What the task requires:
Keep the pictures out, and restate the listing that follows exactly as written.

Supplied material:
· · · ·

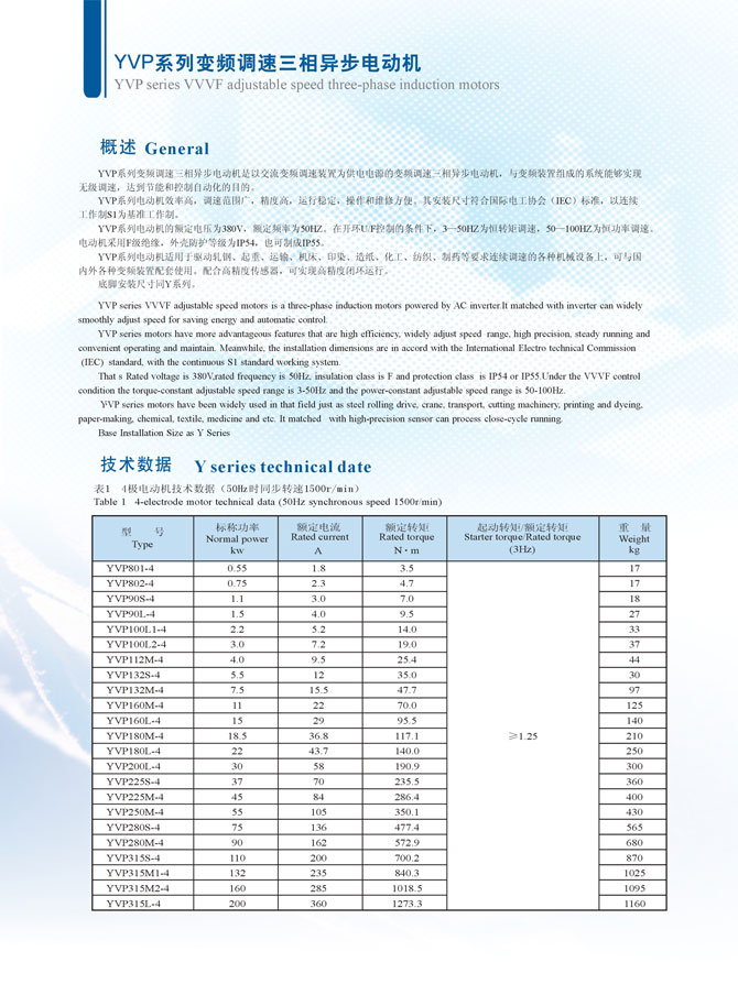 YVP系列4P變頻調(diào)速三相異步電動(dòng)機(jī)
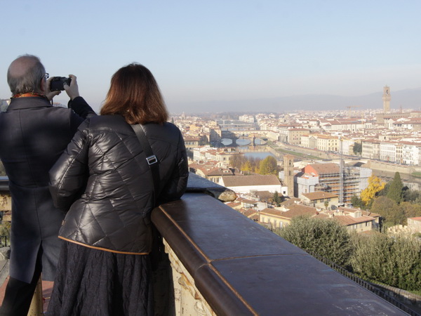 Da hilft nur weiterlaufen. Spätestens auf der Ponte Vecchio sehe ich wieder klar. Auf der berühmtesten Brücke von Florenz glitzert und funkelt es vor lauter Gold, Silber und Edelsteinen. Denn in den Geschäften dürfen sich seit 1593 nur Goldschmiede niederlassen. Zuvor waren dort hauptsächlich Schlachter und Gerber ansässig, die aber einen solchen Gestank verursachten, dass den hohen Herren bei ihrem Weg vom Palazzo Pitti zur Arbeit im Palazzo Vecchio oder in den Uffizien fast die Luft wegblieb.
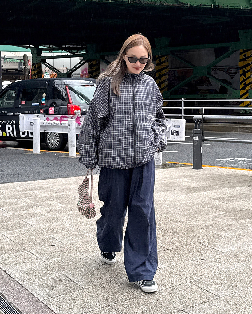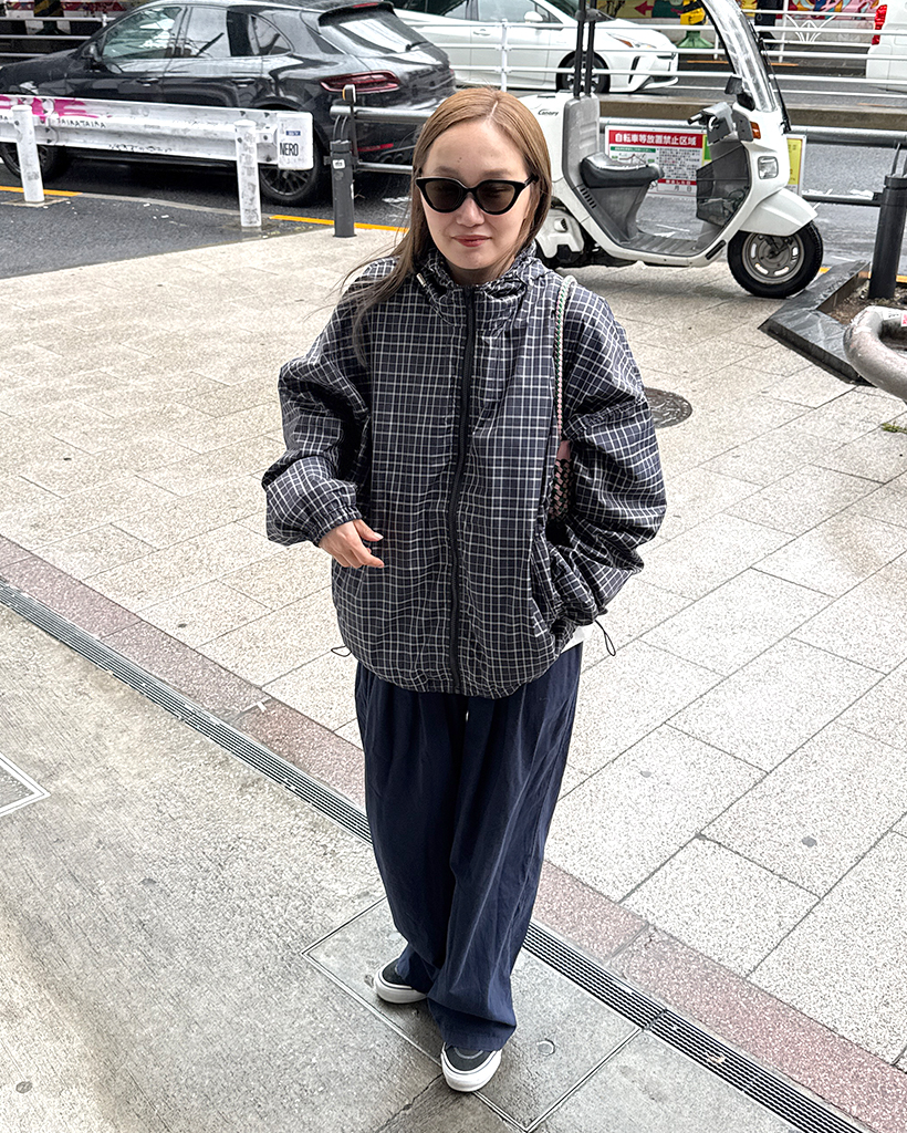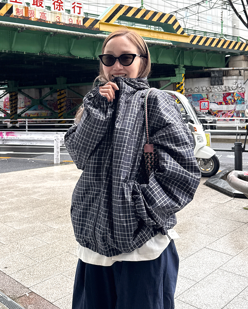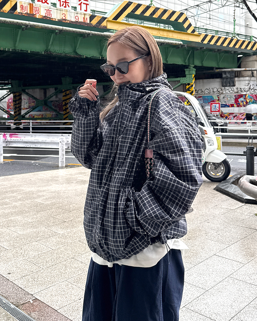 チェックフードウィンドブレーカー

· · · ·

Solution for this exercise:
 YVP系列4P變頻調(diào)速三相異步電動(dòng)機(jī)
 Da hilft nur weiterlaufen. Spätestens auf der Ponte Vecchio sehe ich wieder klar. Auf der berühmtesten Brücke von Florenz glitzert und funkelt es vor lauter Gold, Silber und Edelsteinen. Denn in den Geschäften dürfen sich seit 1593 nur Goldschmiede niederlassen. Zuvor waren dort hauptsächlich Schlachter und Gerber ansässig, die aber einen solchen Gestank verursachten, dass den hohen Herren bei ihrem Weg vom Palazzo Pitti zur Arbeit im Palazzo Vecchio oder in den Uffizien fast die Luft wegblieb.
 チェックフードウィンドブレーカー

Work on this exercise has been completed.